Thursday, September 30, 2010

Vanity kills


I know it does.  I haven't had a healthy relationship with vanity, but I did pretty much give her whatever she wanted.  Since I was twelve years old, I have been lying on my side on the floor doing leg lifts while watching TV, talking on the phone, having a family meeting about the next vacation or why no one is talking to each other, whatever.  I have done sit ups my entire life and have slathered my face with pimple creams and potions every single night, even at the end of baccanalian celebration of the arrival of Friday or Thursday or hell, Monday.  I have done squats at my desk, squeezed my glutes while riding on the subway, and hauled six bags of groceries ten blocks rather than pull them in a wagon or cart.  What I am saying is that, if there was something I could do to control the way I looked, I was doing it and a lot of it.


Even after having Lily, when a whopping 25 pounds remained committed to my frame, I would get up at 5:30 am before Didier or the wee one roused and sneak out for 45 minutes to one hour in the gym.  I felt great even though I was bone tired and rewarded myself with an aloe and pete moss smoothie or something like that, I cannot remember.  You get the picture.  I took care of myself . There was a tiny bit of punishment involved, but the results were worth it.  Detoxes and cleanses two to three times per year.  Walking all over the city pushing the stroller rather than taking the subway or shut-your-mouth, a cab!  I ate sushi and seaweed, lots of salads, lean meat.  I believed I looked better naked than with clothes on.  Now who even thinks that who is not vying for a position in a magazine with a staple going through her goodies or some other zone?!  Really.


Well, not me anymore.  I am really tired.  And it is too damned hot!  After Virginie and my 55 pound weight gain, I had little time to even think of taking care of me, let alone getting into fighting shape.  We moved pretty quickly from the apartment to my parents' house where my main source of exercise was walking across the spacious foyer to a comfortable couch to nurse the baby.  I might get in some real lifting picking up Lily who at that time weighed in at a whopping 25 pounds.  When we got to Barbados, the sheer intensity of the heat and humidity stunned me into my best freeze tag position and I am just now beginning to snap out of it. 
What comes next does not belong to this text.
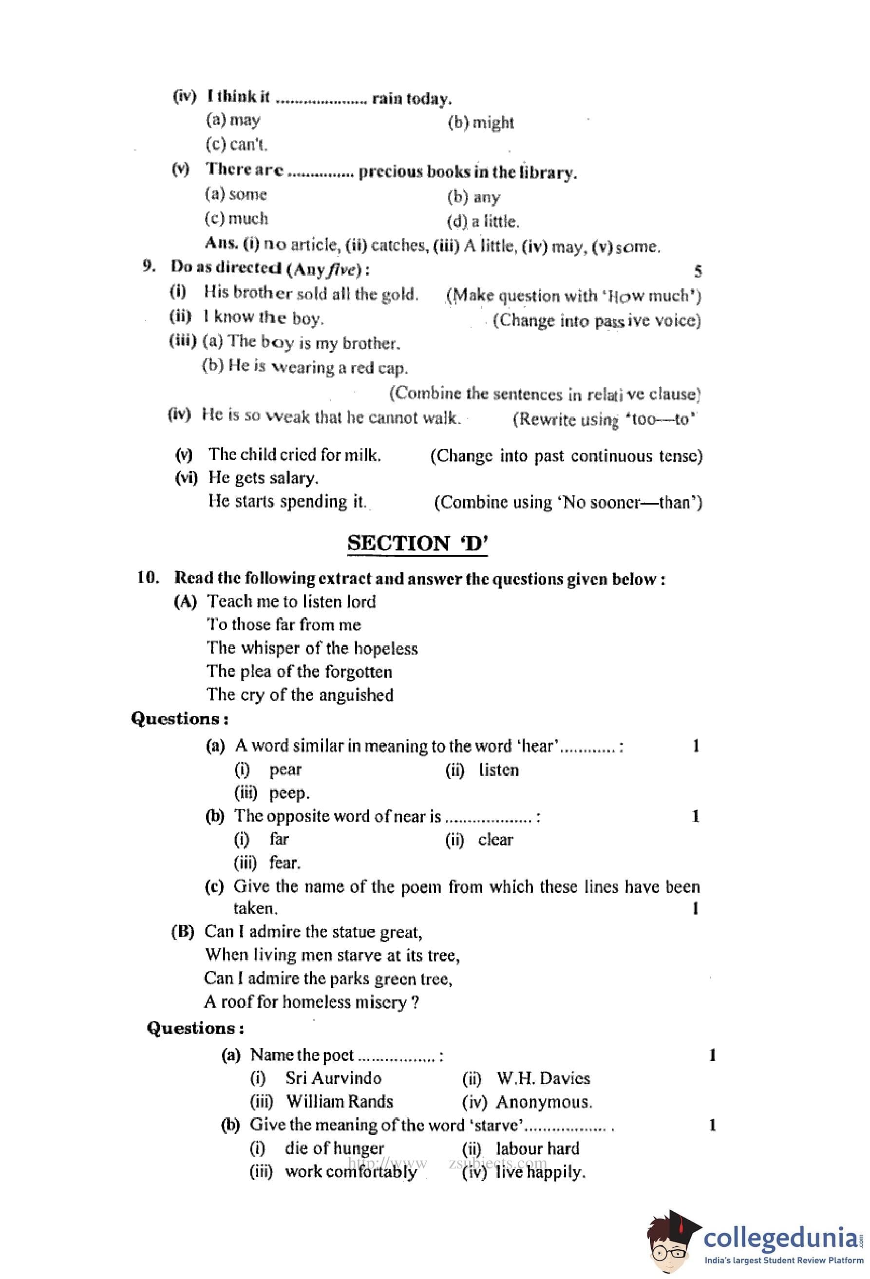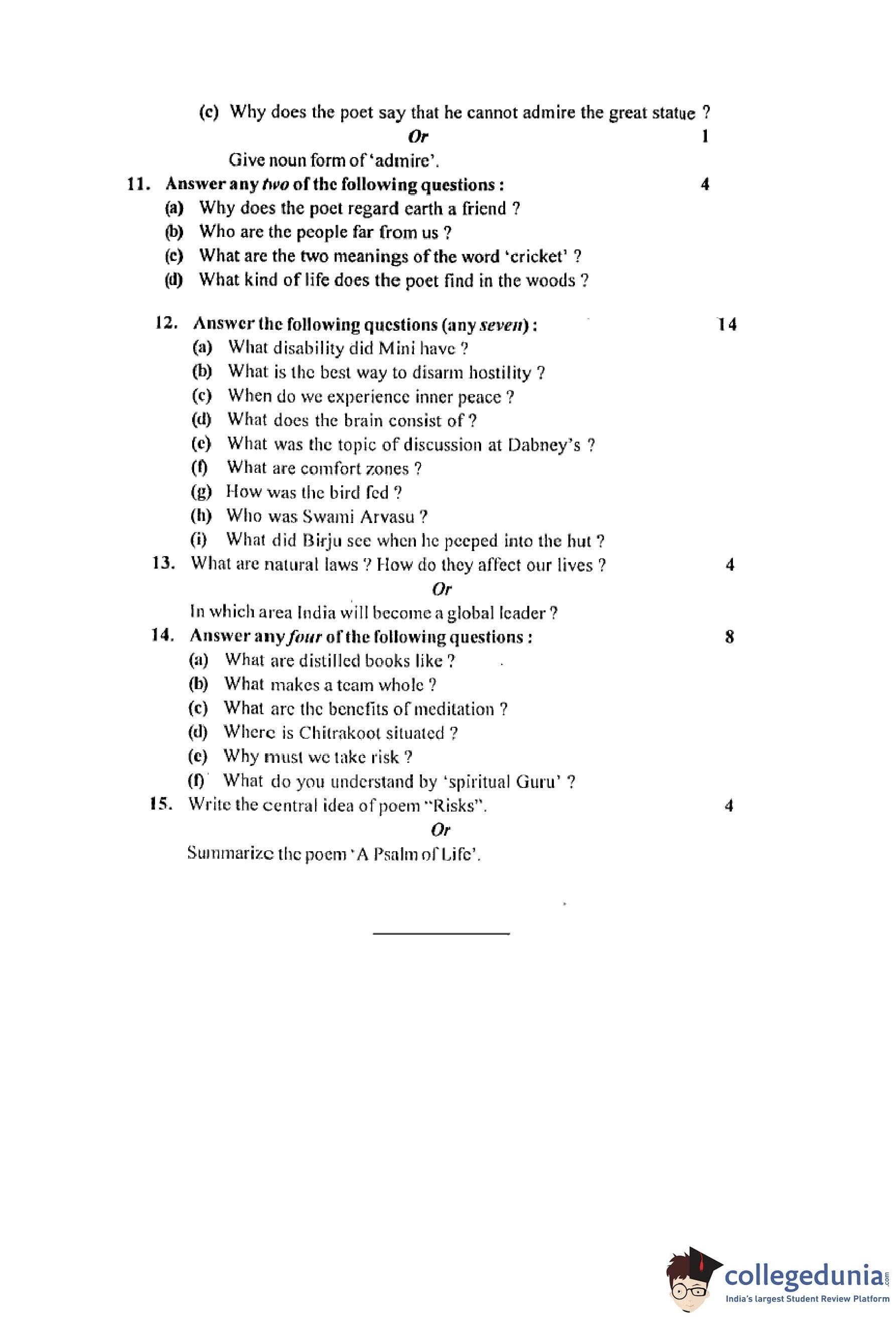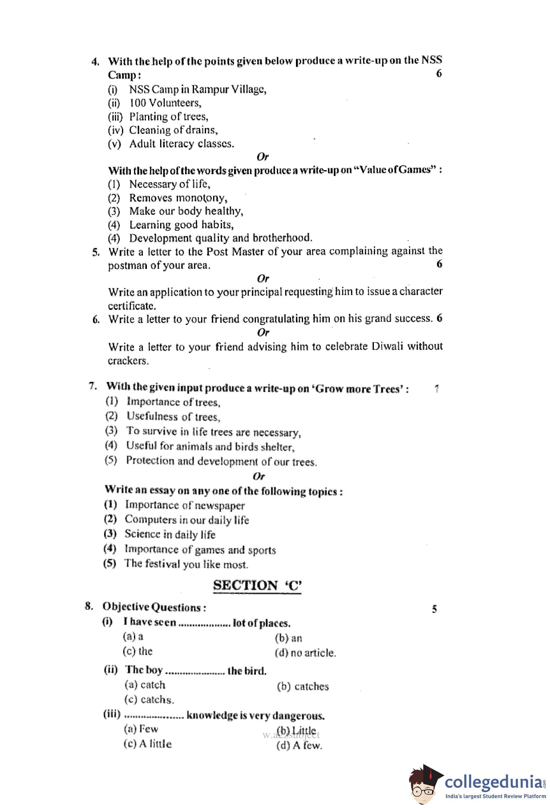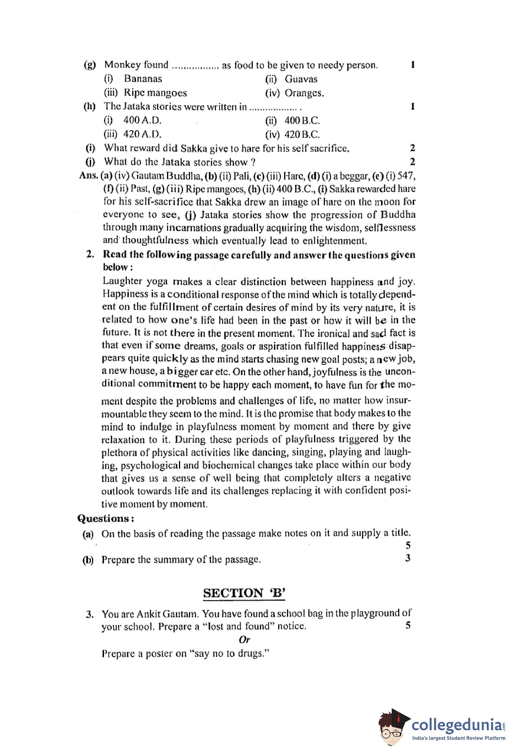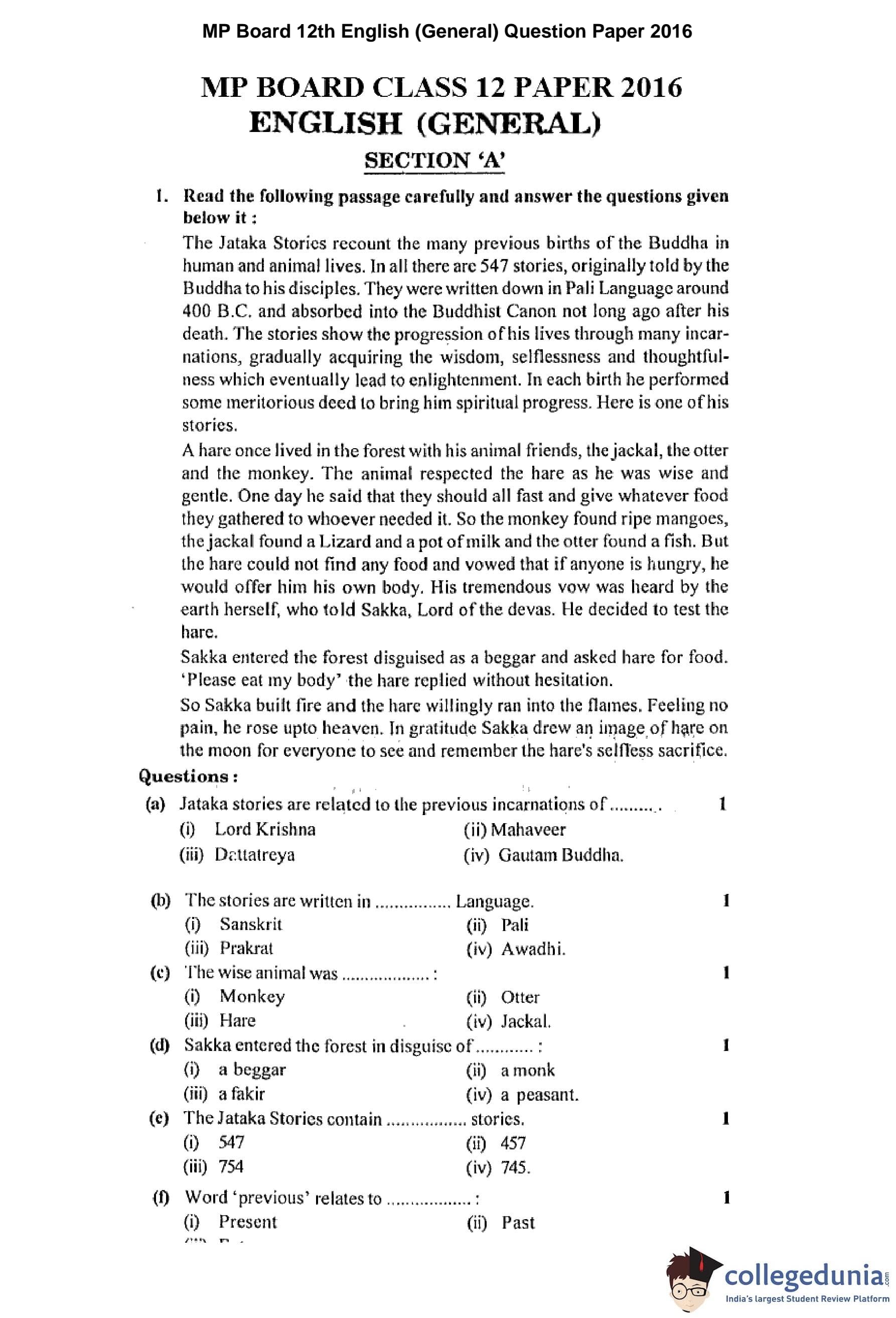 MP Board 12th English (General) Question Paper 2016 with Answer Key

Don't get me wrong.  I know it could be worse.  My general shape is still there.  But I am softer, as I think is kinder to say, in some areas than I'd previously been.  My darling husband said something along the lines of, "You might, perhaps, have a coating or something and not even know it."  Hmmmm.  So, what should I take from that?  It's not just about the cellulite or the jiggly tummy when I brush my teeth, I am surprisingly over those.  It's the mommyness of my whole look right now.  I don't wear mom jeans bc it is too damned hot here but I have started to see a look on my face that looks a lot like my mother circa 1979.  Cute inside of there but unable to set that lady free. 


Ponytail or bun.  T-shirt with shorts.  Flip flops.  No jewelry (other than the wedding ring as a buffer to the freaks who hit on everyone with boobs and to prevent losing my earlobe to a hard tug by Virginie).  Soft, mushy spots where, as they say, the shit was once tight!  There are no leglifts here.  No sit ups except for the just  finished watching a makeover show I can do this reps followed by weeks of Twix cookie bars in bed and the leftover chicken hotdog chunks from Virginie's snack tray.  Sigh.


I promised myself I would try a little harder.  Get on the elliptical more.  Stop using it as a playground for the girls or a clothing rack.  Snack less.  But mostly I just visualize.  And then go to sleep.  I can't do it all.  Lily and Virginie definitely think I am pretty.  That's what I am going for right now.  So I am totally hot in an alternate universe kind of way.